Nidegger Yves · Nationalrat · 2018-09-17
Nidegger Yves · Nationalrat · Genf · Fraktion der Schweizerischen Volkspartei · 2018-09-17
Wortprotokoll
Je vous invite, au contraire, à rejeter ce postulat qui témoigne de cette chose à la mode consistant à confondre égalité et indifférenciation, alors qu'il s'agit de deux concepts complètement différents, et ce sur un point extrêmement important et profond puisqu'il s'agit de l'identité. L'identité sexuelle de chacun d'entre nous est un élément extrêmement structurant de notre identité. Dès leur plus jeune âge, les enfants se déterminent ainsi: je suis comme mon papa et différent de ma maman, je suis donc un garçon; je suis comme ma maman et différente de mon papa, je suis donc une fille. C'est par référence à l'existence de deux sexes, dès le stade de l'enfance au sein de la famille, que chacun va construire petit à petit ce qui fera ce qu'il est et sa différenciation.

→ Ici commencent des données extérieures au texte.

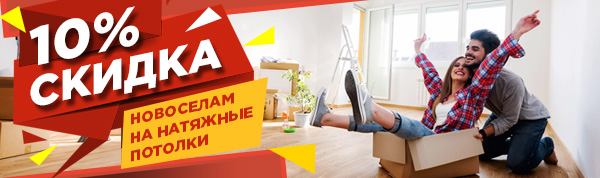 При заказе натяжного потолка скидка 10% новосёлам. Скидки и акции не суммируются. Подробнее об акции уточняйте у наших менеджеров.

Bien sûr, il y a des cas, extrêmement minoritaires, dans lesquels un enfant peut naître intersexué, c'est-à-dire qu'on n'arrive pas à déterminer, pour une question hormonale ou une autre question, à quel genre il appartient. Face à ce type d'anomalie, on a eu le scalpel un peu trop rapide dans le passé, en créant des situations définitives pour apaiser les parents qui avaient besoin de savoir. C'est toujours la première question qui est posée à la naissance d'un enfant: est-ce un garçon ou est-ce une fille? Sans doute serait-il intelligent, et les recommandations de la médecine vont dans ce sens, d'attendre un peu avant de prendre ce genre de décision pour autrui, tout en sachant qu'il y a aussi un autre danger: l'identité sexuelle étant très structurante pour chacun, laisser quelqu'un dans une indifférenciation, c'est aussi hypothéquer son développement et son futur équilibre.
Si on parle d'état civil, donc de situations administratives, de quoi s'agit-il? Il s'agit de l'identité. Chaque personne est répertoriée comme ayant les yeux bleus ou les yeux bruns, les cheveux foncés ou clairs, comme étant grande ou petite, comme homme ou femme. Chacun ne peut pas disposer de son identité à sa guise et à la carte. Je ne peux pas me présenter à l'état civil en disant que je veux qu'une autre taille soit inscrite sur mon passeport ou une autre couleur de cheveux, me sentant plutôt blond aujourd'hui et plutôt brun demain.
Tout cela prétend répondre aux sensibilités de personnes souffrant de situations ambiguës, mais on n'aidera pas ces personnes de cette façon. Certains se disent transsexuels et souhaitent changer de genre. Mais changer de genre, c'est passer d'un genre à un autre genre et pour passer d'un genre à un autre genre, il faut qu'il existe un genre et un autre.
Si vous enfermez les gens dans un genre indifférencié, vous allez en faire une prison. D'abord, les enfants naissant dans cette situation vont être catégorisés sans genre, et on n'a aucune idée de ce que cela donnera pour leur développement à l'école lorsqu'ils auront à s'annoncer comme sans genre. Ensuite, pour les personnes mal à l'aise avec le genre qui est le leur et qui souhaitent en changer par la chirurgie, on risque de les inciter à rester entre les deux et à ne pas faire de choix véritable.
Pour toutes ces raisons, à savoir que c'est une fausse bonne idée, que c'est jouer à l'apprenti sorcier avec un des fondements de la psychologie, de l'identité, mais aussi de la société, je vous invite à rejeter le postulat.